Today the John Fitzgerald Kennedy National Historic Site, run by the National Park Service, is the only presidential birthplace set up by a first mother for ongoing tours. The Kennedys re-purchased the house in 1966, after JFK’s assassination. Rose spent the next three years re-creating her newlywed home with some of its original furnishings: wedding gifts of Irish crystal and a grand piano; the children’s monogrammed porringers and silver napkin rings; their baby bassinet and christening dress, and—yes, the modest twin bed in which Rose birthed the president.
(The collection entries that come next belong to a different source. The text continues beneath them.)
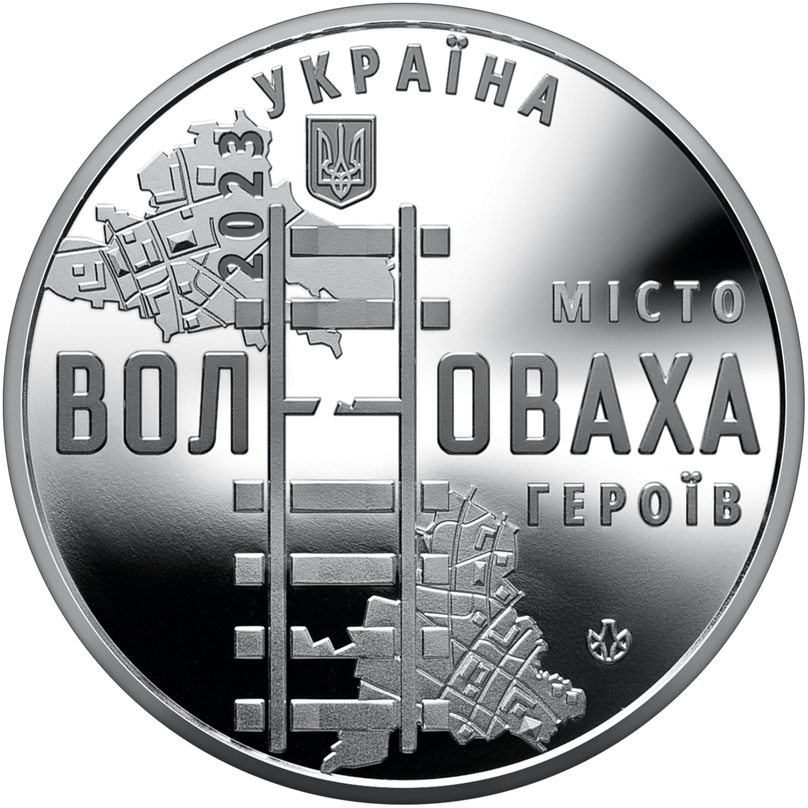 На аверсі медалі розміщено: угорі – напис УКРАЇНА (півколом), під яким – малий Державний Герб України та рік карбування медалі – 2023 (вертикально на тлі мапи); у центрі на дзеркальному тлі написи: МІСТО/ВОЛНОВАХА/ГЕРОЇВ (використано шрифт ZERNO, автор О. Ліщук), у написі слова “Волноваха” літеру “н” заміняє фрагмент залізничної колії, яка досягає малого Державного Герба України та символізує прагнення міста повернутися додому, в Україну; стилізовані фрагменти мап міст – Донецька (угорі), Маріуполя (унизу); логотип Банкнотно-монетного двору Національного банку України (унизу праворуч).
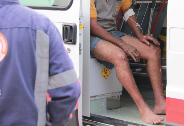 Ajudante que provou o fogo e colega de trabalho estão na UTI do HMC. Outros três têm quadro estável.
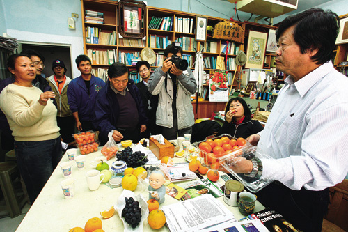 蔡東纂的研究室裡,經常有來自全台各地的農民,帶著自家生產的蔬果前來請益,即席展開一場蔬果品評大會。
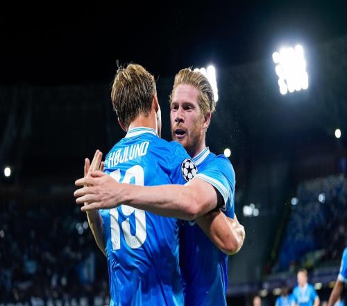 雷速体育10月2日宣 欧冠联赛阶段第2轮,那不勒斯主场暂时2-1领先葡萄牙体育。今夏从曼联租借加盟的霍伊伦上演梅开二度,而为其送上两个助攻的则是今夏结束十年曼城生涯的德布
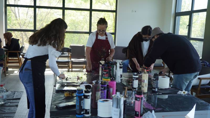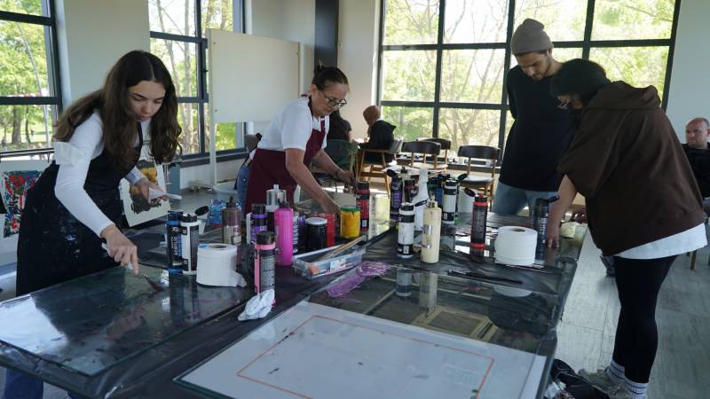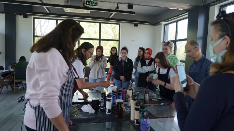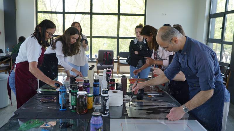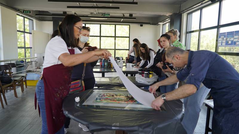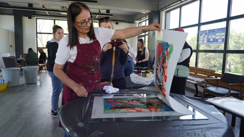 Sakarya Üniversitesinin tertiplediği SAÜFEST’in alt kategorilerinden olan SanatFest kapsamında 10. 05.2022 günü saat 13.00-16.00 saatleri arasında SAÜ Kahve Keyfi’nin ikinci katında STMF Resim Bölümü Öğr. Gör. Gülay İnce, “Cam Baskı” çalıştayı gerçekleştirdi. Cam baskı sanatının örneklerle anlatıldığı çalıştayda yoğun ilgiyle çalışmaları izleyen katılımcıların da cam baskı yapmaları sağlandı.
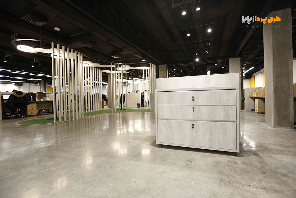 استفاده گسترده از متریال شیشه به عنوان پارتیشن های جدا کننده و بهره گیری از نورپردازی، در کنار توجه به ارگونومی و استانداردهای ایمنی، سبب شد تا ضمن حفظ زیبایی، محیطی دوستانه، زیبا و عملیاتی فراهم شود.
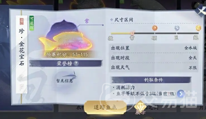 比方说金花宝石鱼的积分一般是57到115,尺寸越大品质越好才会越接近最高积分,有时候甚至会出现一条比两条更强的情况,玩家通过垂钓获得的积分,会录入到活动排行榜之中,排行榜会决定决赛的名额。
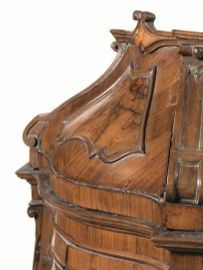 in noce e radica di noce a patina chiara; alzata lievemente bombata con due sportelli decorati da cornici sagomate, sormontata da terminale anch’esso di linea mossa e inquadrato da lesene mistilinee, che si ripetono anche negli elementi sottostanti; corpo inferiore semicircolare caratterizzato da un grande cassetto nella fascia e due sportelli sottostanti analogamente decorati; piedi a voluta stilizzata, alt. cm 243, profondità cm 73
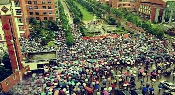 2013年6月7日,江西省临川一中,考场外冒雨前来的陪考大军。
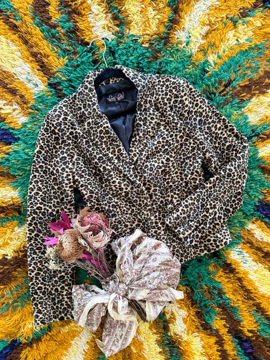 VINTAGE 1990S VERY VERY LEOPARD PRINT VELVET CROPPED BLAZER JACKET S
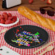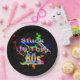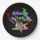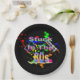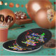 Ensemble de huit plaques de papier de 9 pouces avec une image de plaques de peinture rouge, orange, jaune, vert et bleu, baskets haut-de-gamme en couleurs néon, cassettes, lunettes de soleil colorées et la phrase "Coincé dans les années 80" en lettres néons. Voir la bocal à bonbons, tasse à expresso, flacon, tasse, pichet, verre à balles, théière et dessous de verre. Voir l'ensemble de la collection Tubular 80s Plate dans le FOOD/BEV | Section Plats.
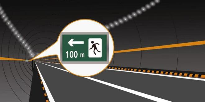 419.如图所示,遇隧道内发生火灾等紧急情况需疏散逃生时,驾乘人员应按照下图标识指示的方向逃生。

The two-and-a-half-story house, with its nine rooms, was an impressive starter home. The Kennedys further distinguished themselves from neighbors by installing not one but two telephones, and hiring a pair of live-in housemaids. Their first son, Joe, was born while the couple summered away from Brookline, but the next three Kennedy kids made their entrance in the master bedroom. On May 29, 1917, at 3 p.m., the 35th American president arrived amidst Irish linen embroidered with shamrocks and thistles. “When you hold your baby in your arms for the first time and you think of all the things you can say and do to influence him, it’s a tremendous responsibility,” Rose recalled in a recorded house tour narrative. “What you do with him and for him can influence not only him, but everyone he meets and not for a day or a month or a year but for time and eternity.”
Rose kept her young brood occupied mostly with books, including little Jack’s favorite, King Arthur and His Knights of the Round Table. Every day when the cook began to prep dinner, she strolled with the kids to Saint Aidan’s Church to show them that God wasn’t just for Sunday, she said. In the evening the family retired to the most important place in the house: the dining room. Never knowing when they may be called upon, the kids were expected to say grace or to talk about Gospel lessons they heard in church.
After the family moved to a larger Brookline home, the family traditions established on Beals Street continued. “Rose Kennedy really used her home as a school,” says Jim Roberts, a National Park Service ranger. When the Kennedy clan matriarch later prepared 83 Beals Street for public display, she used it as a school yet again. “I often ask people to think about what may have been going through her mind at the time that she was setting it up, because the family that lived there really didn’t exist anymore,” says Roberts. “All four children [who resided] in the house suffered some tragedy, and her husband has had a stroke by this time. Rose was the only one left to tell their story.”
Mrs. Kennedy’s memories of that early era were uplifting. “We were very happy here,” she said in the tour, “and although we did not know about the days ahead we were enthusiastic and optimistic about the future.”
Kristen Hinman is a freelance journalist in Washington, D.C.